Note to readers: as far as I know, Trump has committed no fresh outrage this morning. I assume he is out on the golf course, cheating as usual. In any event, nothing in the post relates to Trump.
In is, instead, prompted by the fact that, at 6:22 last evening, the Spirit moved George Will to post The Supreme Court has a chance to clear up decades of confusion.
In response, the Spirit has moved me this morning to share just a few thoughts on the topic of freedom of religion and the First Amendment.
What the First Amendment Says
In law school, they teach you that, if your job is to construe a written provision—for example, a part of the Constitution, or a statute, or a contract—the first thing you do is look at the actual words employed in the document. In fact, the professor will yell at you if you forget to do that. As well he should. So, with that thought in mind, let’s refresh ourselves on the words of the First Amendment. It says,
Congress shall make no law respecting an establishment of religion, or prohibiting the free exercise thereof; or abridging the freedom of speech, or of the press; or the right of the people peaceably to assemble, and to petition the government for a redress of grievances.
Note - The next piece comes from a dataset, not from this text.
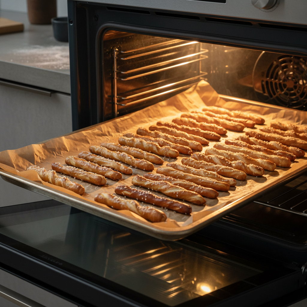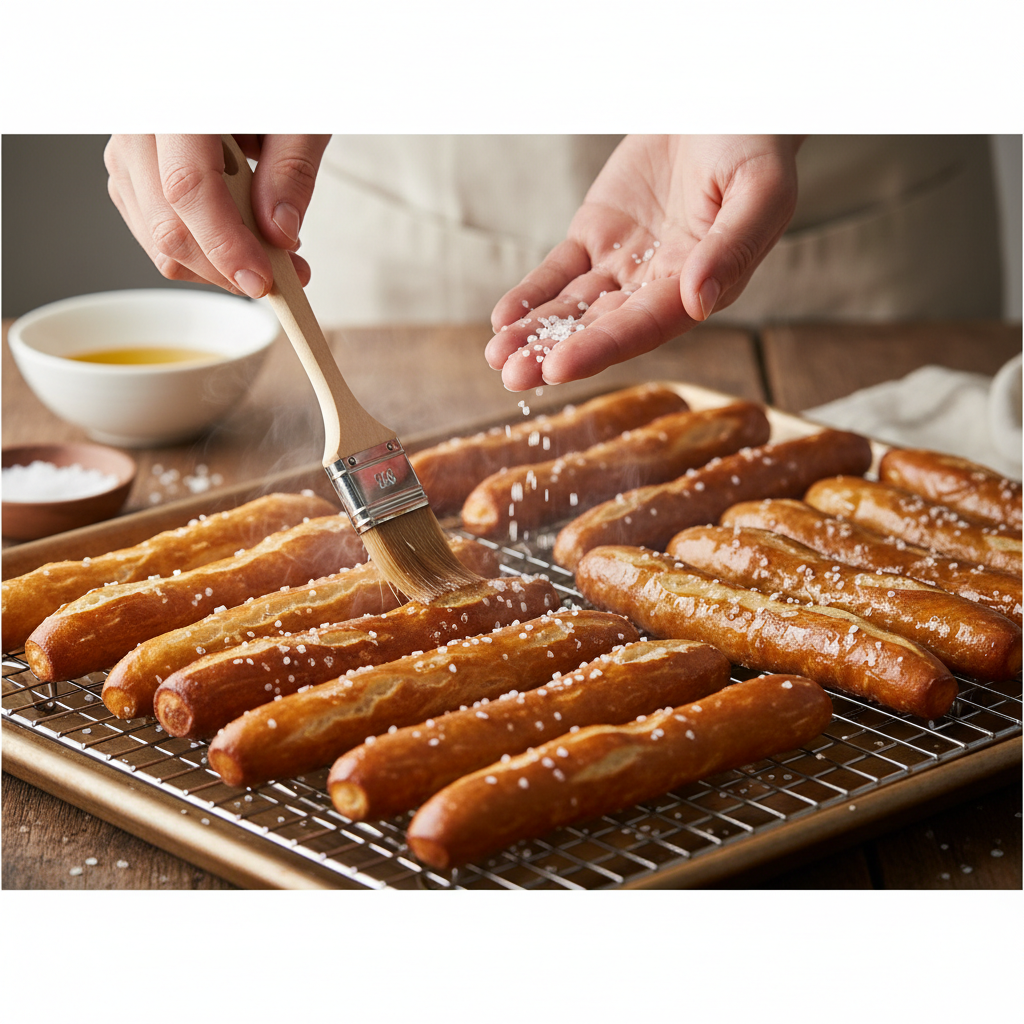 Remove from oven. Brush with garlic oil and press presentation side into pretzel salt.

The Establishment Clause and the Free Expression Clause
As the language implies, what we call constitutional freedom of religion has two rules. Rule One: “Congress shall make no law respecting an establishment of religion.” Rule One is typically called the Establishment Clause. And then there is Rule Two: “Congress shall make no law … prohibiting the free exercise thereof [i.e., the “free exercise” of “religion”].” You will not be shocked to learn that Rule Two is termed the Free Exercise Clause.
Will’s piece of yesterday evening deals with a forthcoming Supreme Court case on the Establishment Clause. (If interested in the details, please read it for yourself.) Will points out (correctly) that the jurisprudence of the Establishment Clause is in a godawful mess, urges the Supreme Court to clear up the mess, but fails to articulate a guiding principle that would accomplish that purpose.
Establishment Clause Jurisprudence is Bad, but Free Expression Clause Jurisprudence is Worse
So, here’s something to think about on a lazy Saturday afternoon.
Pretty much everyone agrees that the Free Expression clause prohibits government from arbitrarily targeting a particular set, and forbidding or restricting religious practices for no good reason other than dislike of that sect. So far, so good. (And that sort of thing does happen from time to time, and the courts have been pretty good about knocking it down.)
But what if Congress, or the state legislature, or the city council enacts a law that isn’t targeted at a particular sect, and that is aimed to solve a general problem or achieve some objective to promote the public good, but the law happens to violate the religious beliefs of some in the community? Here is where things start to go off the rails.
As commonly understood—I didn’t say rightly understood, I said commonly understood—the Free Expression Clause divides all of us into two categories: those who got religion and those who don’t got religion.
If you don’t got religion, then I have bad news for you: you have to obey all the laws.
But if you do got religion, then I have good news: within some limits, you get to pick and choose which laws you need to obey, based on the tenets of your religion.
I would suggest that the first question raised by this dichotomy is whether is makes any sense at all.
But put that aside. Accept on faith the righteousness of the legal distinction between the religious and the irreligious. Here are just a few questions about how to apply the distinction:
What is “religion”—as distinguished from, say, mere philosophy, or mere ethics?
How does an individual prove that she or he has got religion? (Is a court required to accept a mere assertion, or is it permitted to inquire into the sincerity of the belief?)
Then there is this. It’s not controversial that religious claims may sometimes be outweighed by other considerations. For example, a person sincerely adhering to a belief in human sacrifice could not use the Free Exercise clause to defend against murder.
So there is some kind of balancing test involved. But how is a court supposed to weigh and balance in any particular case?
Just a few questions for a lazy Saturday afternoon.
And please do think about them. And when you reach some good conclusions, find a way to let the Supreme Court know. Because the Court hasn’t got a clue.